Дело спорилось, все ликовали. Все, от мала до велика, от самых
ничтожных до начальства, радовались, как радуются победе над врагом, ибо
чувствовали, что вместе его одолели, словно воины, не считаясь ни с
жертвами, ни со смертью, не говоря уж об увечьях. Но в каждом войске есть
дезертиры; и люди, испугавшиеся битвы, спасовавшие перед опасностью,
чувствовали, что им не по силам этот героический труд.
Аделаидо и Кучо, обоих сразу, трясла болотная лихорадка. Шмыгая носом,
как псы, стремящиеся узнать, куда их гонят, они ехали в набитом больными
вагоне, на соломе вместо матраса.
Наконец они прибыли в утлое деревянное строение, беленное снаружи,
некрашенное внутри.
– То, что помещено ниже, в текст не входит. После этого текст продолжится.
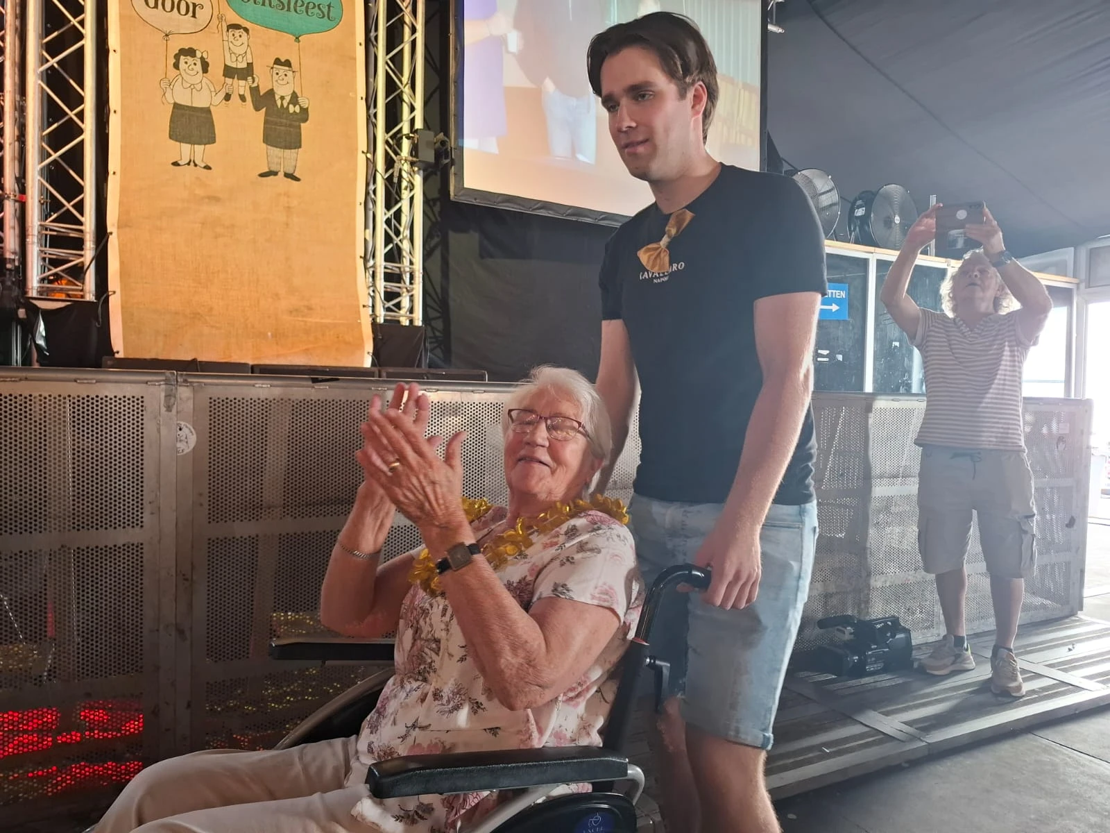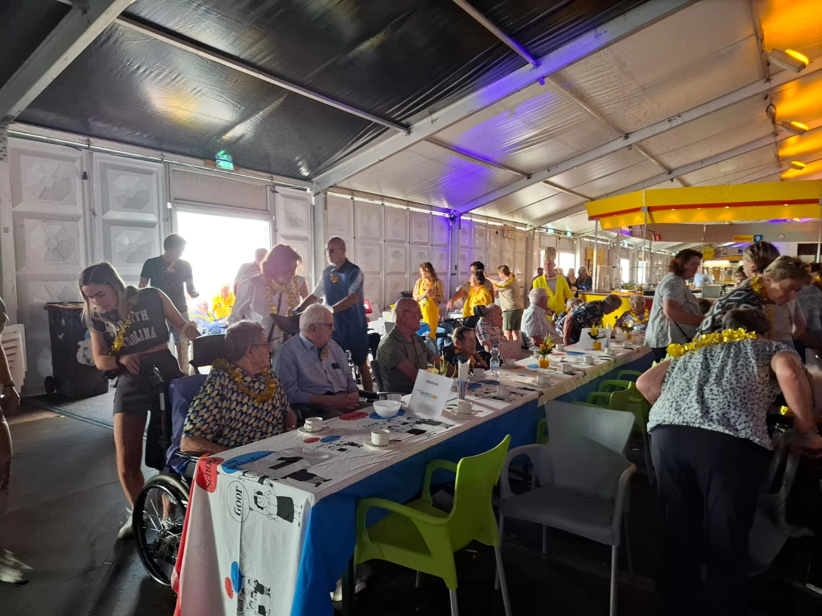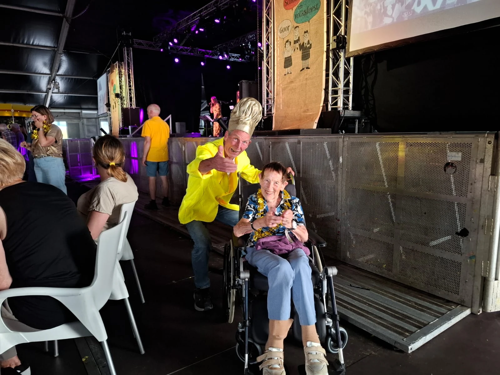 Maar liefst vijfentwintig bewoners en net zo veel vrijwilligers waren van de partij op de seniorenmiddag in de Schoolfeesttent. Iedereen genoot van de muziek, een drankje en een hapje. Veel dank aan onze vrijwilligers en zorgmedewerkers, die graag mee gingen!

Там сновали какие-то люди, которые сунули им в рот
пахнущие водкой трубочки (их протерли спиртом), вскрыли вену на руке, взяли
кровь и, не взглянув на них толком,тут навидались больных, чего уж глядеть!
- дали по круглой коробочке пилюль, которые помогают от жара.
Когда они приняли по нескольку пилюль, у Кучо взмокла спина, и Аделаидо
тоже показалось, что по спине у него течет. Ну и болезнь!.. То знобит от
жара, то все прошло, даже голова не болит. Им стало получше, они
приободрились, захотели встать и чемнибудь заняться. Рукой ощупали они
каждый свое лицо. Зеркала не было, и каждый рассказал другому, какой он
бледный, как осунулся, одни скулы торчат, уши синие, глаза стеклянные, губы
пересохли, истончились, а десны пожелтели.
Пути их расходились. Кучо сильно кашлял. Не он один, многие кашляли
здесь, и всех этих многих увозили подальше, вроде бы в столицу, там климат
получше, можно вылечиться. Аделаидо обнял друга на прощанье и долго потом
всей плотью чувствовал, какой он худой. С ним просто мертвец прощался.
- Стыдно мне, Кучо, это ведь я тебя сюда затащил...
- Не дури, я сам приехал, что я, маленький, за тебя цепляться? Да и
ничего со мной такого. Поживу, где похолодней, где нету жары этой чертовой,
и вернусь, вот увидишь... Ты не беспокойся... сам-то берегись...
Мимо прошел поезд и остановился у станции, которая словно не стояла на
земле, а висела на ветвях и лианах. Всюду валялись скорлупки и полусухие -
кожа да кости - ковыляли по шпалам туда, где рельсы сворачивали на мост,
увитый синими, алыми и белыми цветами. Под мостом бежали рельсы реки, тем
стремительней, чем ближе было вожделенное море.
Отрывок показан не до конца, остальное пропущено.